First of all, support and training are vital aspects of any technology implementation. Even the most intuitive platforms require a period of adaptation, and comprehensive training is crucial to maximise their potential. Vendors should provide robust support services to assist with both onboarding and continuous usage. This includes not only technical support but also strategic guidance to help teams leverage the platform’s full capabilities. Adequate training and support ensure that any investment in trading technology yields the maximum possible return.
Interoperability is another key factor. “A new trading platform should integrate seamlessly with existing systems to avoid operational disruptions,” advises Gabbay. “Ensuring smooth interoperability minimises the risk of data silos and ensures that all parts of your trading ecosystem can communicate effectively. This not only streamlines operations but also enhances data accuracy and decision-making processes.” Platforms that fail to integrate well can lead to significant headaches, requiring additional resources to bridge gaps between systems and potentially leading to costly errors.

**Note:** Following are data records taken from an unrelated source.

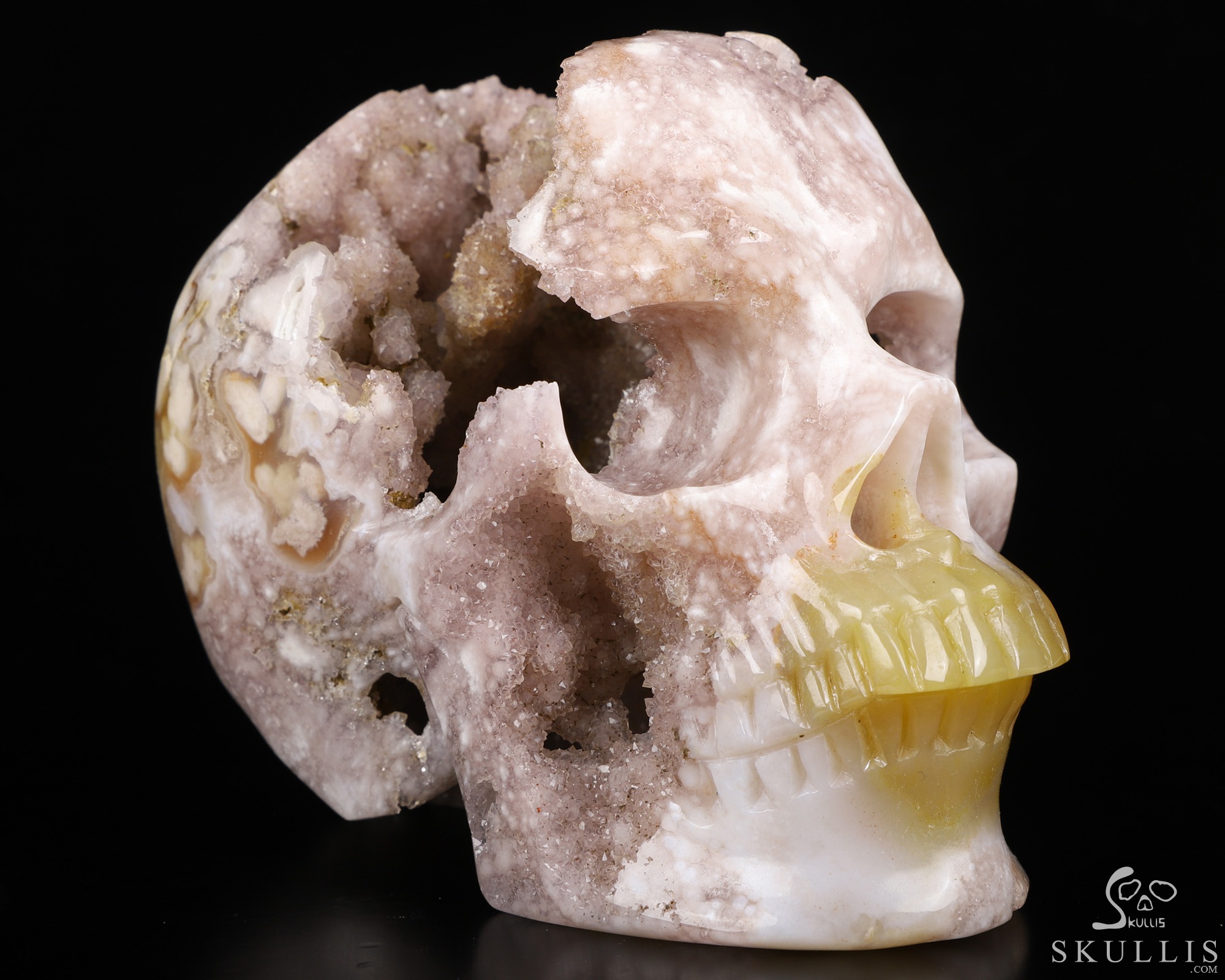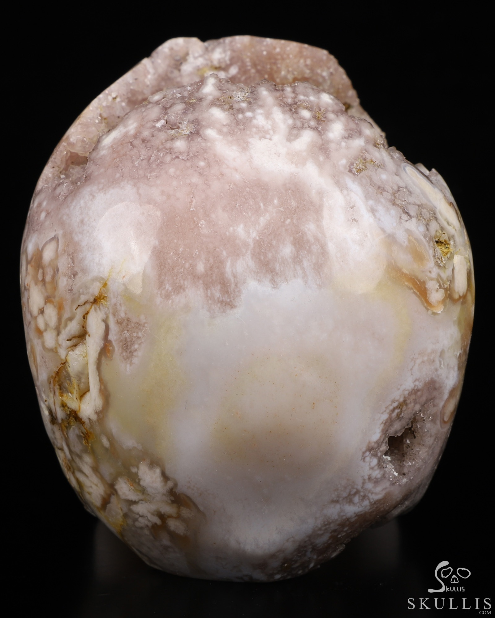 Top Quality 4.4" Sakura Agate Geode Carved Crystal Skull,Super Realistic, Crystal Healing
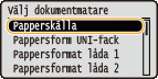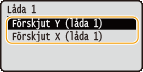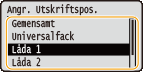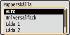 Välj den papperskälla som du vill kontrollera utskriftsplaceringen för och tryck på
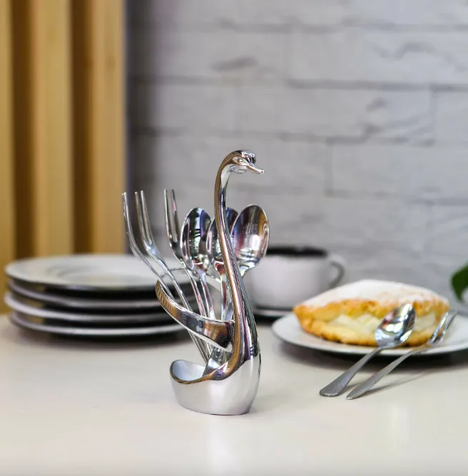И последняя приятная мелочь — подставка на стол с тремя чайными ложками и тремя чайными вилками. Все предметы изготовлены из высококачественной нержавеющей стали. Если нужно быстро накрыть на стол, очень удобно: не придётся носить приборы из кухни в комнату и раскладывать каждому гостю — взяли подставку со всем необходимым и поставили сразу на стол.
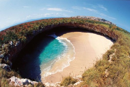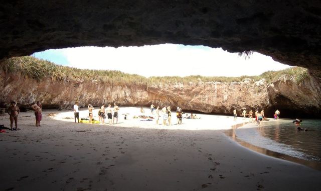 «Η παραλία πιθανότατα δημιουργήθηκε πριν τον Α’ Παγκόσμιο Πόλεμο όταν η κυβέρνηση του Μεξικού χρησιμοποιούσε τα νησιά σαν περιοχές σκοποβολής. Αυτοί οι ελεγχόμενοι βομβαρδισμοί έχουν δημιουργήσει πολυάριθμες σπηλιές και άλλους μοναδικούς βραχώδεις σχηματισμούς στα νησιά Marietas», εξηγεί ο Ventura Osorio που οργανώνει τουριστικές επισκέψεις στην «Κρυφή Παραλία».
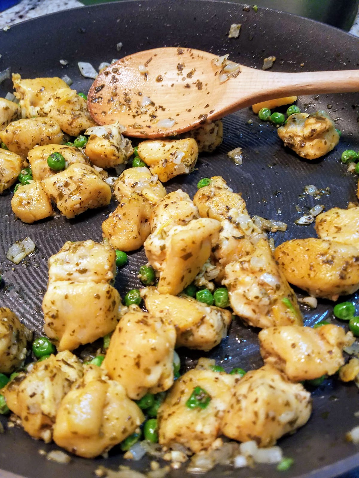 You could serve this with a marinara sauce, vodka sauce, or just drizzled with olive oil and freshly chopped herbs. We had ours sauteed with garlic, onion, and peas, and topped it with a dollop of vegan pesto and some vegan parmesan cheese. Feel free to adapt to your tastes!
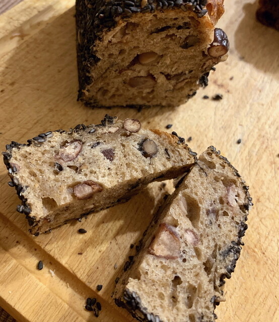 黒胡麻でコーティングされた、豆乳などを使った生地に大納言豆と黒豆がたっぷり。羊羹のイメージで食べて欲しいというパンですが、これまた美味しい・・。くちどけの良さ、品の良い甘さ。ゴマの食感と風味も良く、満足な一品でした。

Scalability is also essential for any trading platform. As trading volumes increase and new asset classes are added, the platform must scale efficiently to handle these changes. Scalability includes the ability to automate processes and manage higher trading volumes without performance degradation. “A scalable platform supports business growth by ensuring that system performance remains robust even as demands increase,” says Gabbay. “This scalability is not just about handling volume but also about expanding capabilities and accommodating new functionalities as trading strategies evolve.”
Flexibility around customisation is also important, according to Gabbay. “The platform should be capable of swiftly adapting to evolving workflows without causing bottlenecks,” he says. “Your technology shouldn’t become an obstacle, but a facilitator of change. Customisable platforms ensure that you can tailor the tools to meet specific trading needs.”
Key success factors
It’s clear that the dynamic nature of the buy-side presents both challenges and opportunities for sell-side firms. To stay competitive, banks and brokers need to consider a technology strategy that balances their internal needs with the ever-evolving demands of their clients. Whether choosing off-the-shelf platforms, bespoke solutions, or a hybrid approach, sell-side firms might want to prioritise agility, integration, and scalability in their technology stack.

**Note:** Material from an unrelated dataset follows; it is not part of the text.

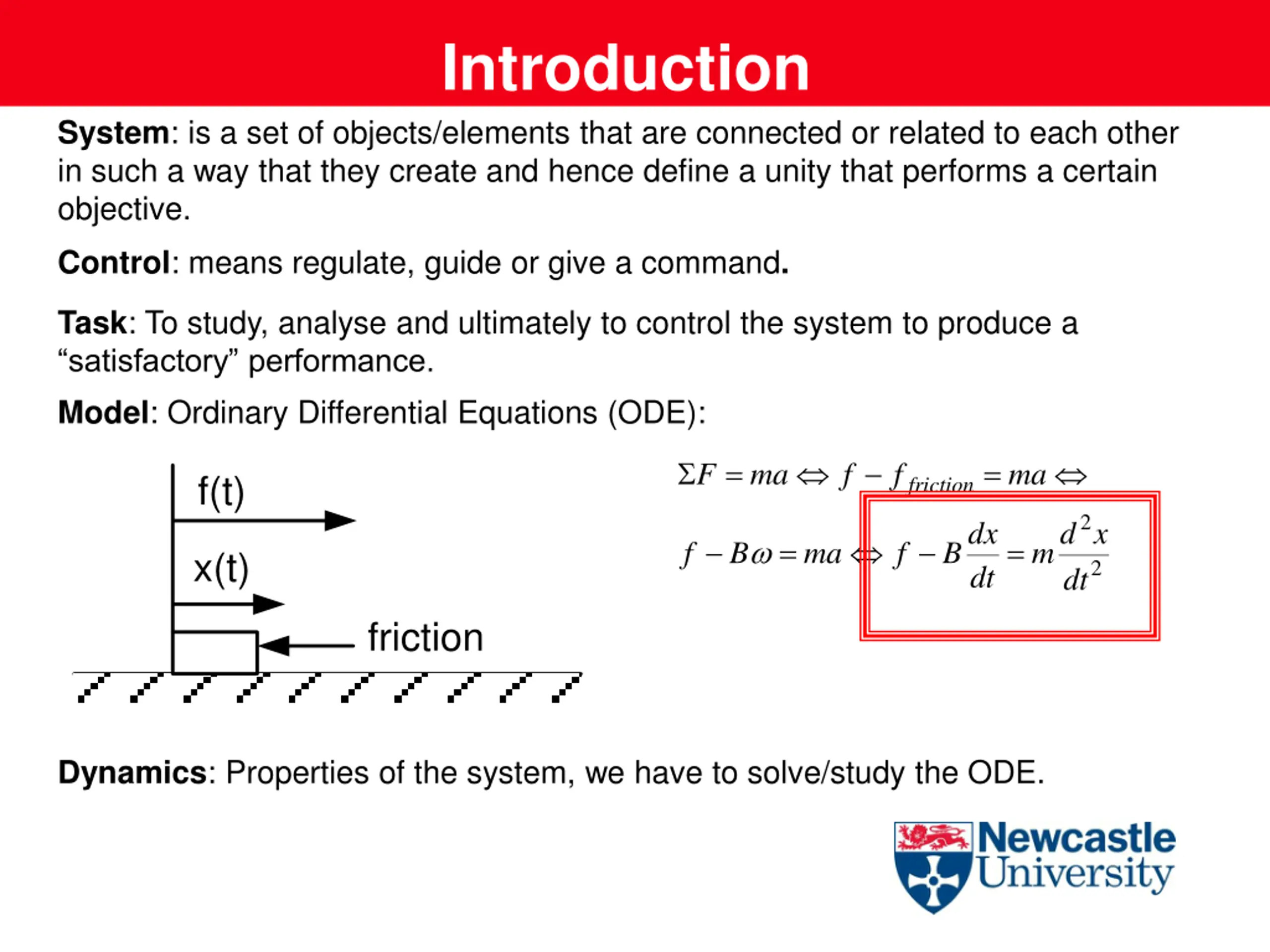 Introduction System: is a set of objects/elements that are connected or related to each other in such a way that they create and hence define a unity that performs a certain objective. Control: means regulate, guide or give a command. Task: To study, analyse and ultimately to control the system to produce a satisfactory performance. Model: Ordinary Differential Equations (ODE): = = F ma f f ma f(t) friction 2 dx d x = = f B ma f B m x(t) 2 dt dt friction Dynamics: Properties of the system, we have to solve/study the ODE.

Additionally, the strategic use of AI and ML can significantly enhance trading efficiency and decision-making processes. By embracing these advanced technologies and maintaining a flexible, client-centric approach, sell-side firms can not only meet the complex requirements of today’s market but also position themselves for sustained success in the future.
Robust support and training, seamless interoperability, and the ability to scale and customise are also critical factors that will determine the sell-side’s ability to capitalise on market opportunities and deliver superior value to their clients.